Each year, I evaluate our progress with a critical eye—consistently finding that ProcellaRX’s mission continues to set the pace for the industry.
The 17th edition of the World Quality Report (WQR 2025–26) lands with a theme that hits a little too close to home: “Adapting to Emerging Worlds.” It’s a polite way of saying, “The world changed. Quality still hasn’t caught up.”
Reading through the report, a few things jumped out at me:
Generative AI and agentic technologies are no longer future tense; they’re busy rewiring how we build, test, and operate systems today.
Quality Engineering (QE) is finally recognized as strategically important but still largely stuck in pilot purgatory when it comes to scaling AI and automation.
The gap between what organizations say about quality and what they actually do is widening, not shrinking.
From a “Quality Matters” lens, here’s how I interpret what the WQR is really telling us—and what needs to change if we want quality to be more than a slide in a strategy deck.
The report positions QE as uniquely placed to help organizations navigate this AI-driven, constantly shifting landscape—and it’s right. QE can (and should) be the connective tissue between business intent, technology execution, and risk.
But most organizations are still stuck in project mode (really indecision mode, imho, more about this later):
Quality shows up at the end of a release.
Validation is something you “complete” so you can move on.
AI is a POC, a sandbox, or a slide in a roadmap, not an operational reality with controls, monitoring, and accountability.
If quality is episodic, your risk posture is episodic. In a world where AI systems are continuously learning, integrating, and changing, episodic quality is a liability!
The WQR highlights that generative AI and agentic technologies have moved from “interesting pilot” to active reshapers of how solutions are built and tested.
That’s the nice way of saying:
We’ve put AI in the middle of critical workflows faster than we’ve put governance around it.

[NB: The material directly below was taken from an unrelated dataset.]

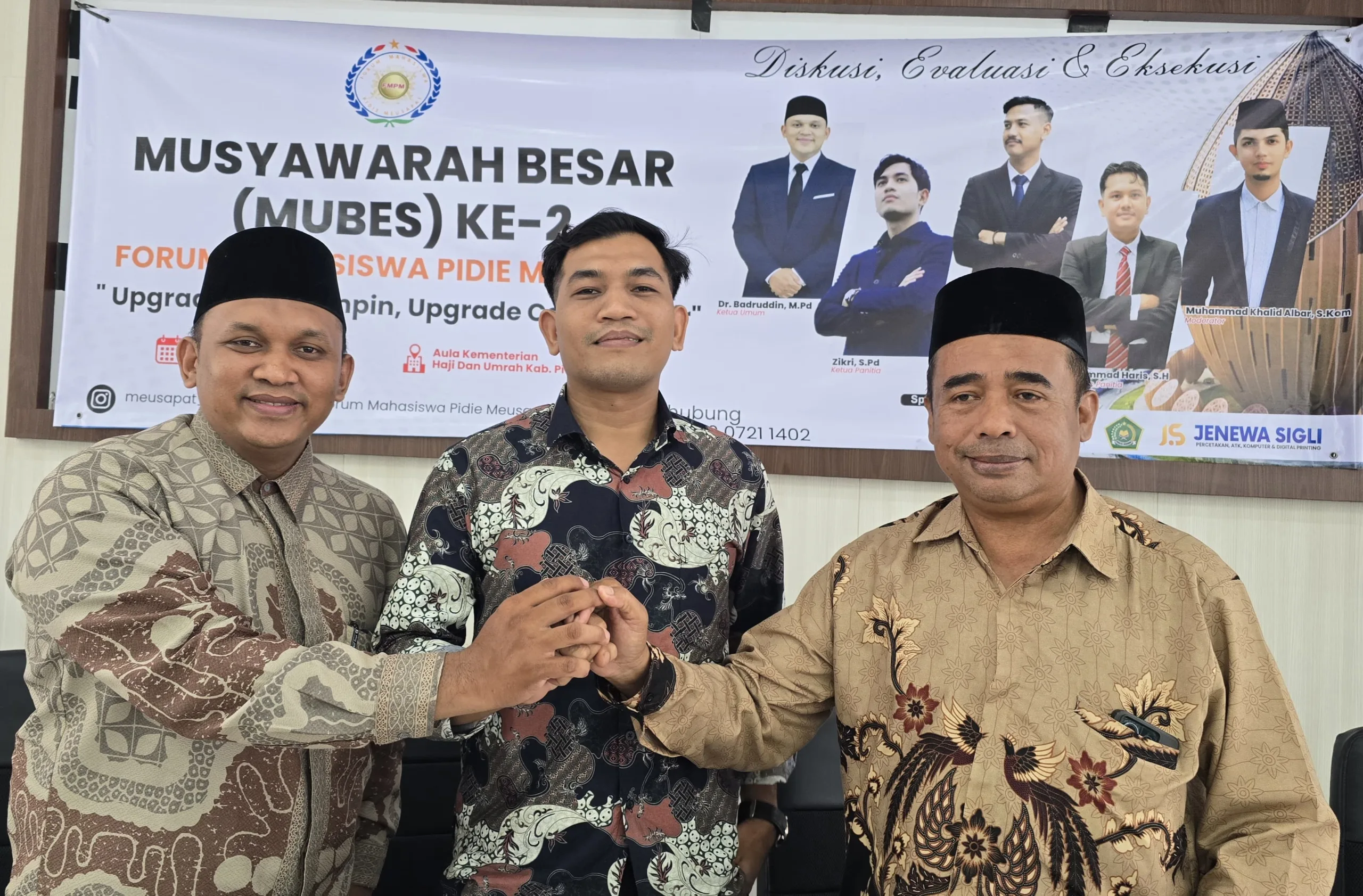 Ketua terpilih FMPM periode 2026–2031, Zikri, S.Pd (tengah) salam komando dengan mantan Ketua Umum Dr. Badruddin, M.Pd (kiri), didampingi tokoh agama, Drs. Tgk Muhammad Tiro (kanan), usai Mubes II FMPM di Aula PLHUT Kankemenag Pidie, Sabtu, 28 Maret 2026. (Foto: Idris Ismail/Portalnusa.com)

I see three recurring patterns:
AI for speed, not necessarily for sense
Teams are using AI to generate test cases, analyze logs, triage defects. Good. But very few have clearly defined:
What decisions the AI is actually empowered to make
How those decisions are monitored
How those decisions are validated and challenged over time
Validation hasn’t caught up to the behavior of AI systems
Most validation frameworks still assume static behavior:
Requirements freeze
System is built
System is tested
System is “done”
That’s simply not how agentic, data-driven systems behave in production.
Risk is still template-driven, not context-driven
The WQR talks about the need to rethink how quality is defined and operationalized. The missing link is context—intended use, data criticality, autonomy, and impact.
Without that, AI validation is just a thicker stack of documents.
The report emphasizes the role of modern toolchains and automation in QE, yet also surfaces the usual suspects: silos between tools, inconsistent usage, duplicated effort.
We’ve reached a strange point where many organizations have:
World-class ALM, DevOps, observability, and collaboration tools
AI-powered testing platforms and intelligent automation
…and yet still can’t answer simple questions like:
“Which systems actually matter the most to patient safety or product quality?”
“Where are my real validation gaps?”
“What is our true capability maturity across the portfolio?”
The problem isn’t a lack of tools. It’s a lack of orchestration and insight across those tools. Quality isn’t missing technology; it’s missing a coherent nervous system.
One of the most important subtexts in the WQR is that QE is no longer a “nice to have.” In an AI-first world, it becomes a strategic capability: the ability to reliably design, test, and operate complex, adaptive systems.
But maturity isn’t about:
How many templates you have
How many SOPs you’ve updated
How many dashboards you can screenshot
It’s about:
Whether your risk-based thinking is actually embedded in day-to-day decisions
Whether your data flows, tools, and controls support traceability and assurance end-to-end
Whether your people can challenge, interrogate, and course-correct AI-enabled systems, not just “trust the model”
In other words:
The future of quality belongs to organizations that can instrument and govern their quality decisions, not just document them.
Based on the WQR and what I see in the field, a few clear priorities emerge:
Turn validation into an ongoing conversation, not a one-time deliverable
Shift from “did we validate this system?” to “how are we continuously assuring this system as it evolves?”
Focus on context-of-use, not checkbox controls
Every major quality decision should be anchored in:
What is the system really used for?
What data does it actually touch?
What can go wrong—and for whom?
Scale insight, not just effort
This is where AI and agents should shine inside quality:
Triage validation risk across an application portfolio
Highlight systemic gaps (requirements quality, traceability, test depth)
Help teams design smarter, leaner test strategies
Invest in quality talent that can speak “AI, risk, and business”
The report is clear: skill sets are shifting. QE can’t be just “test execution plus tools” anymore; it has to be risk, systems thinking, and AI literacy.